It was at Moscow. One night, Ivan Sergeivitch —
Who is that one, Ivan Ser... vitch? Alec rapped out. Tourguéneff, I answered. Russians who are strangers address each other as son of — Like the Irish Mac, Alec said, and I answered that it was so. And Tourguéneff would address Dostoieffsky as Theodore Mikhailovitch. ’Tis a terrible way of saying Mac, said Alec, and to escape further questions I repeat Dostoieffsky’s last words. It was one night in Moscow, at the hub of the streets, I met her, after a long day’s work, and so brain-weary was I that I could hardly see or hear when a girl’s voice awoke me. I’m afraid I frightened you, the girl said. You startled me a little, I answered: but my appearance must have frightened you, my mind was far away. You’re not even awake yet, she said. Oh, but I am, I answered, and we walked on together, myself listening to her story of herself, glad to listen to it, to anything that took me out of myself. She told me she wanted to learn English, and the only way, she said, is to get a situation in England. I’m after one, but I’m not certain that I shall be able to get it, for you see, I’ve no reference. And how is that? You seem a good little girl. I used to be, but I don’t know that I am any longer. How did it come about? I was looking, she said, after some children in a tradesman’s family, and one day in the park a dog attacked the children, and all three might have been bitten if a student had not come forward and driven off the dog. We met again the next day and the next and the next, and all might have gone on very well if one of the children hadn’t walked into the pond after his boat, and when I was asked to explain how I was not by to prevent him doing such a foolish thing, one of the children answered: Vera was talking with the student who drove the dog off. The student returned again and again, and the upshot of it all was that I lost my situation, being deemed, so it was said, unfit to look after children. As I was in love with Ivan and he with me, I went to live with him, and when he left Moscow I took on with his friend, a Roumanian. And what then? I said. When he left there was another and then another. And then? And then, she said, I found myself obliged to go out into the thoroughfare to find somebody to whom I might take a fancy and who might take a fancy to me. As it happened to-night, if we have taken a fancy to each other. But I’ve only been out h
ere once before; my word on it; and I assured her that I believed what she had told me, though it seemed to me to matter very little whether she had given herself to three men or to four, for money or caprice.

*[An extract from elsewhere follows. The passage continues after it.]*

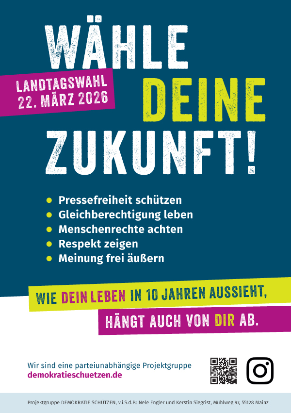 Das ist unser Flyer für die Landtagswahl 2026 Rheinland-Pfalz Wir haben auch bei der Europawahl 2024 und bei der Bundestagswahl 2025 Flyer verteilt. Hier findest du unsere alten Flyer. Europawahl 2024 Bundestagswahl 2025

She had a pretty face and an engaging manner, and every word she spoke revealed a beautiful mind that circumstances could not defile. Now what have you been doing? she said, to change the subject, which was becoming a bit irksome to both of us, and I told her that I was a man who wrote stories for a living, and had come out to escape from the people of my imagination. But why do you wish to forget them? I would forget them, I said, to-night, so that I may remember them better to-morrow, and I’m grateful to you for speaking to me, for if it hadn’t been for this little talk with you, perhaps I shouldn’t have closed my eyes to-night. And to-morrow will be a day of twelve or fourteen hours. Must you work as hard as that? I must, indeed, for I have no money except the few roubles that publishers pay me for my stories. And I don’t know if life will ever become any easier. You see I’ve only just returned from Siberia: I worked in chains for five years, because I wished to free the people from the police. So you’re a convict, I heard her say, and I expected her to drop behind. I don’t mind that, she said, for it was for having a better heart than another the police were down on you. Perhaps you’re right, I answered, but I thought it well to tell you who I am, for it may do you harm to be seen walking with an ex-convict. I’m not afraid of that, and I saw that my confession, instead of estranging us, as I had intended, seemed to unite us, which is only natural; the outcast only can speak intimately to the outcast. We walked on, discovering ourselves one to the other, and when I stopped to bid her good-bye it seemed to both of us that for a night at least we were destined for each other.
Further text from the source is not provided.